Là, il n’a pas entièrement tort: cette désignation est récente, mais elle n’est pas de notre fait. Ce ne fait pas non plus quelques décennies, mais quelques siècles.
Et oui, pas de chance pour lui une fois de plus, l’origine de cet emploi est parfaitement connue.
Dans son ouvrage Vies des dames galantes, Pierre de Bourdeille, dit Brantôme, (publié en 1665, à titre posthume, 50 ans après la mort de l’auteur) évoque les femmes mariées qui trompent leur époux avec d’autres femmes. Il désigne celles-ci sous l’appellation de « lesbiennes » en évoquant la sexualité de Sappho (Bin, oui, quand même, il fallait qu’elle soit à l’origine de la chose quand même…). L’ouvrage connut un grand succès et répandit cette appellation.
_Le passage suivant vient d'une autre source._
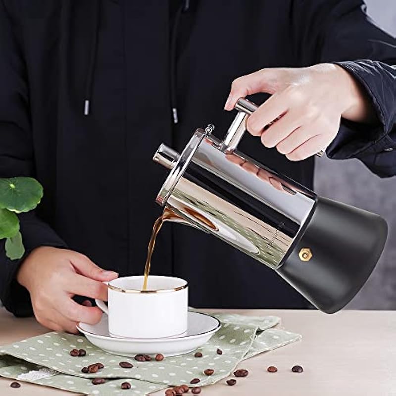 - [Elegant and Heat Resistant Design] Used the latest manufacturing technology and combined aesthetics to design this elegant espresso coffee pot. The heat resistant hollow insulated lid and handle grip make it convenient to use. Base is non-stick high temperatured black hard-wearing coating, ensuring its long life time at high temperatured heat resource.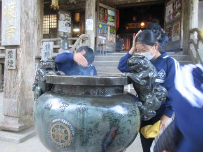 青岸渡寺。西国第一番札所としても有名です。この建物もりっぱです。寺ですが、狛犬がいました。
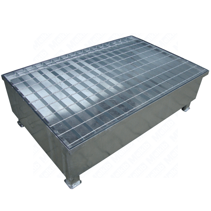Přepadová vana byla navržena s ohledem na maximální funkčnost. Je vybavena ocelovým pozinkovaným mřížkovým roštem s velikostí oka 68x76 mm a nohami vysokými 100 mm, umožňuje bezpečné uložení dvou 200litrových sudů a snadnou přepravu pomocí palety nebo vysokozdvižného vozíku.
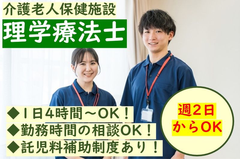 【アピールポイント】 介護老人保健施設の理学療法士を募集! ■週2日から勤務OK! ■託児料補助制度あり! ■勤務時間の相談OKです!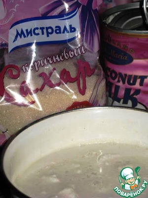 300 мл кокосового или соевого молока довести до кипения вместе с сахаром.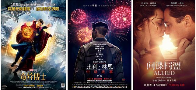2016年中國電影票房從第一季度的飆升到第三季度的低迷,如同過山車一般,十個月中半數同比下跌,不得不讓人擔憂“凜冬將至”。僅剩兩個月左右,截至11月8日,來自藝恩智庫的數據顯示,2016年中國電影票房僅388.6億元,距離年初業內人士預估的600億元相距甚遠。這個月,《奇異博士》、《魔發精靈》、《間諜同盟》等進口分賬片云集,李安、馮小剛新電影《比利·林恩的中場戰事》和《我不是潘金蓮》前后上映,讓大家對票房淡季有了些期許:中國電影票房能否借此挽回連月下滑的頹勢?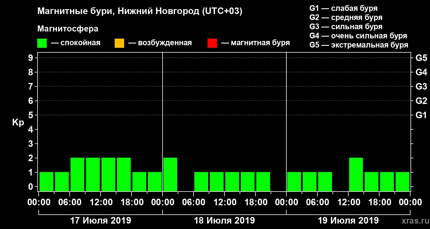 Магнитные бури Нижнем Новгороде 19 июля 2019 года

Et voilà, l’origine du terme de « lesbiennes » est bien française AOC, ça donne presque envie de le défendre par fierté nationale. (Bon, là, j’abuse un peu, mais bon, quand même…)

En 1870, le terme de « lesbian » pour désigner une homosexuelle est tellement répandu qu’il apparait pour la première fois dans le dictionnaire d’Oxford (L’intégral, pas l’abrégé auquel fait référence Lambrou.).


(3) notre identité nationale
Au delà que ça rappelle de sombres souvenirs récents en France, il parle par là de l’identité lesbienne et non grecque.